Earlier results obtained in November last year, after 5 months of study, found that after clearway times in Sydney Road were extended from 6pm to 7pm, average travel times for trams heading out of the city during these times improved by just 14 seconds on the 2.5km to Moreland Road.
At that time, however, police were not actively enforcing the new clearway times. But observations continued to be made, and earlier this year police commenced enforcement. Accordingly, the results were re-evaluated by adding the most recent five months’ observations to those already taken.
The result? The mean improvement in travel time is now 7 seconds, not 14–from 9 minutes and 12 seconds to 9 minutes and 5 seconds.
“It really confirms what we found earlier: that whatever the actual difference is, it’s not statistically significant, and so is going to be lost among the chance variations that occur in travel times anyway,” said PTUA Secretary Tony Morton, who conducted the study. “We might take another year of observations and find the difference is 10 seconds, or 5, or 15, but the point is it’s effectively a random number.”
Results for other peak hour travel times on the route 19 tram were also virtually unchanged from the earlier findings. In particular, the Royal Parade section of the route is still marginally slower than the Sydney Road section in peak hour, despite trams in Royal Parade having a dedicated lane. Meanwhile, the ‘dead time’ spent waiting at red lights has barely changed–on Sydney Road in the evenings, it actually increased slightly.
“The results came as no surprise to us,” Dr Morton said. “Anecdotally, I’d observed last year that even though the clearways weren’t actively enforced, people weren’t parking in them after 6pm. I’d only see the occasional parked car, and the trips where I saw parked cars weren’t noticeably slower.”
“It underscores once again our main message: tram delays are primarily about lack of priority at traffic lights, and only secondarily about traffic congestion,” Dr Morton concluded. “In Zurich, when they were considering how to speed up trams back in the 1970s, people feared that introducing traffic light priority would be unpopular and slow down motorists. Now it has the most successful priority scheme in the world, which doesn’t even slow motorists down that much.
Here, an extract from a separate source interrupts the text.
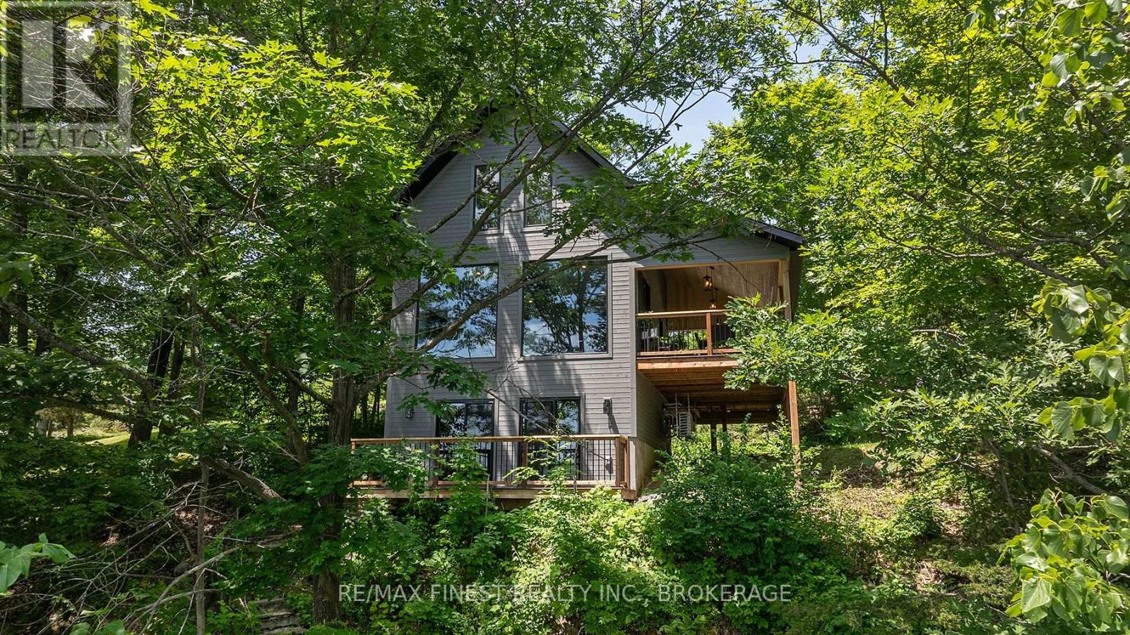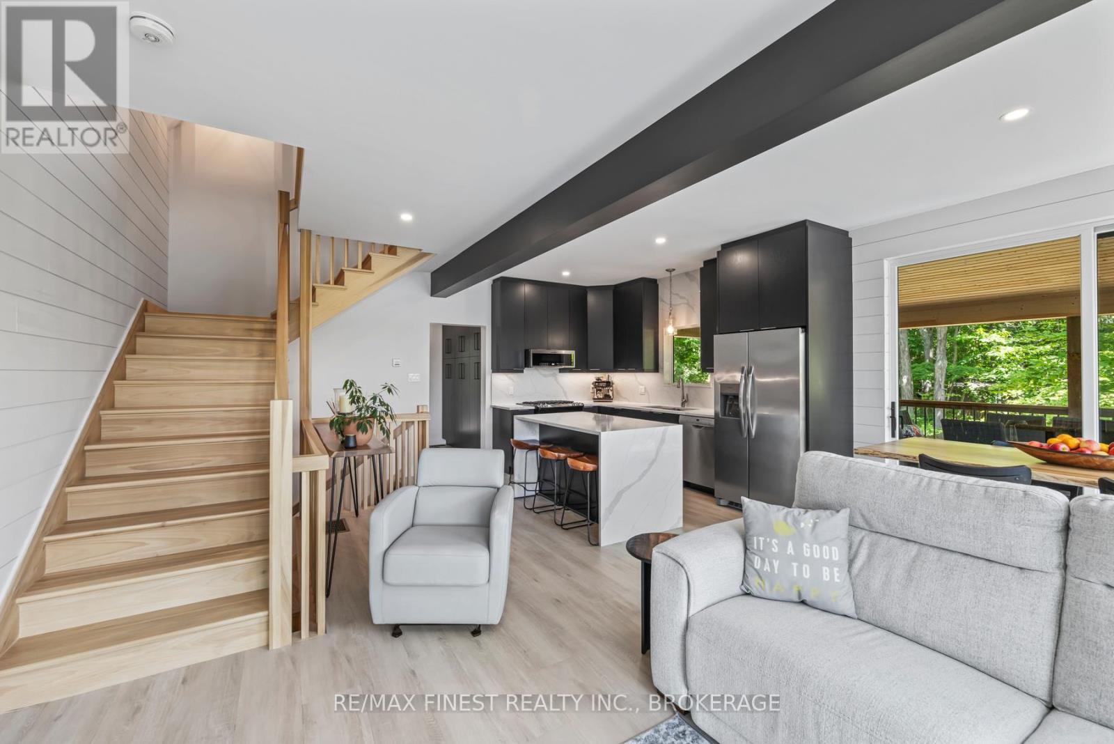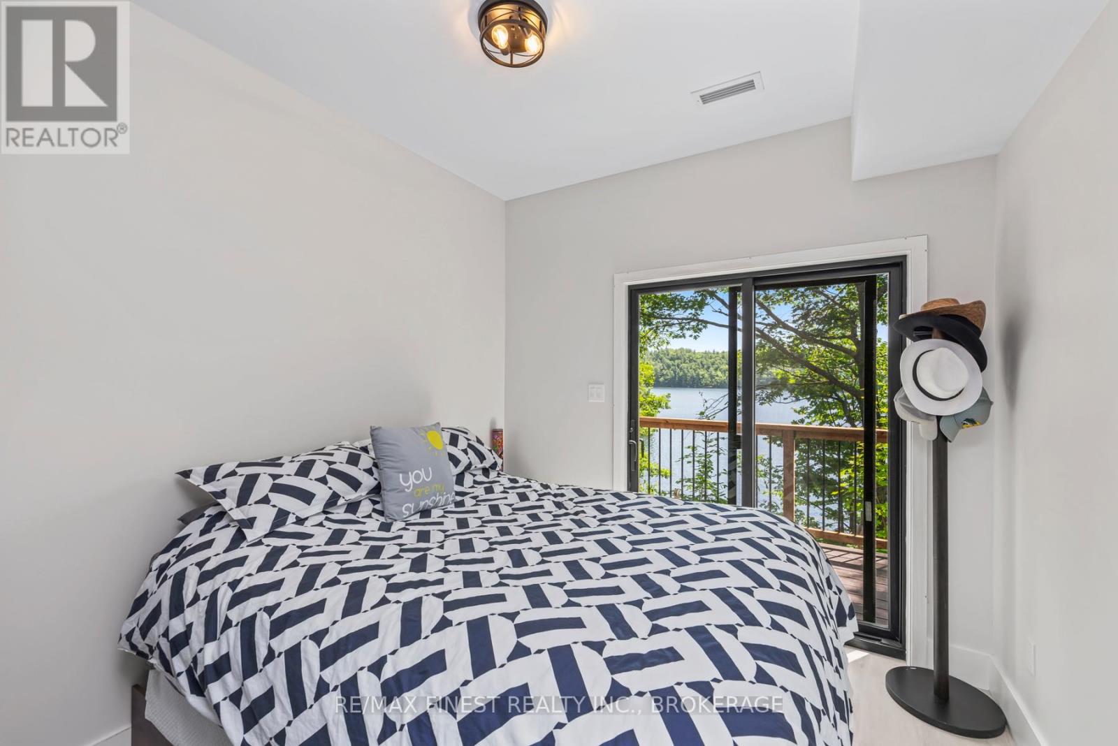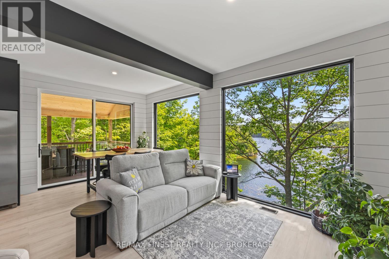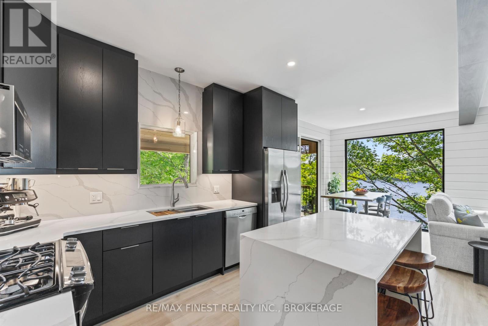 As you enter this immaculate waterfront year round home or cottage, you are welcomed by the stunning views of BuckLake through the massive floor to ceiling Living Room windows. This truly amazing 2 year old maibec wood sided home provides 1416 square feet of total living space, and is constructed to exacting standards with the highest quality materials. No expenses spared in this owner built home which features a bright Kitchen with Quartz counter tops and waterfall island, solid, painted, white oak cabinetry, and stainless steel appliances including a propane range below alow profile Microwave oven......and that view!! The bright and spacious Living/Dining area boasts 10 ft ceilings, luxury vinyl plank flooring throughout and walk out to a wonderfully inviting large covered deck with custom cut cedar ceiling and propane line for the BBQ. What a comfortable space to relax rain or shine! Take a walk up the solid poplar natural staircase to the loft area, and you'll find the Primary Bedroom with soaring cathedral ceilings, a spa-like 4pc Main Bathroom with its unique Slik free standing stone soaker tub and separate glass shower, and a small office area. A huge bonus is that the loft area has it's own heating/cooling system, separate from the levels below. The Basement features two Bedrooms, each with their own walkout to a deck overlooking the lake, a beautiful 4pc Bathroom and Laundry. This is truly a must see property! (id:64974)
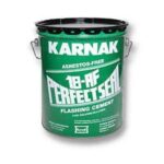 Karnak #18AF Perfectseal Plastic Cement is a scientifically compounded composition of selected asphalts, mineral fibers, and refined solvents that are manufactured to a heavy consistency. Designed for application by trowel #18AF is a durable, elastic cement with excellent adhesion and weathering characteristics. This product when applied dries to a tough, flexible, water-resistant and corrosion-proof coating that provides excellent performance over a wide range of temperature and weather conditions.

Based on their experience, we have little doubt that traffic light priority would go down better with the general public than clearway extensions.”
Summary of Results: March 2010 update
Location, time and direction | Av.travel time (min:sec) | Av. speed (kph) | Av.dead time (min:sec) |
Sydney Road, PM northbound, May–June 2009 | 9:12 | 16.3 | 1:19 |
Sydney Road, PM northbound, July 2009–March 2010 | 9:05 | 16.5 | 1:31 |
Royal Parade, PM northbound | 10:30 | 15.4 | 2:19 |
Sydney Road, AM southbound | 10:08 | 14.8 | 1:56 |
Royal Parade, AM southbound | 11:36 | 14.0 | 3:05 |
Observations were collected between 25 May 2009 and 15 March 2010. AM observations were collected between 8am and 8:30am. PM observations were collected between 6:00pm and 7:00pm.
The difference of 7 seconds between mean travel time in May–June and in July–November has a t-statistic of 0.425. The null hypothesis–that the true mean travel time is the same before and after the clearway extension–is not rejected at the 80% level. The median travel time, at 9 minutes, is identical before and after the clearway extension.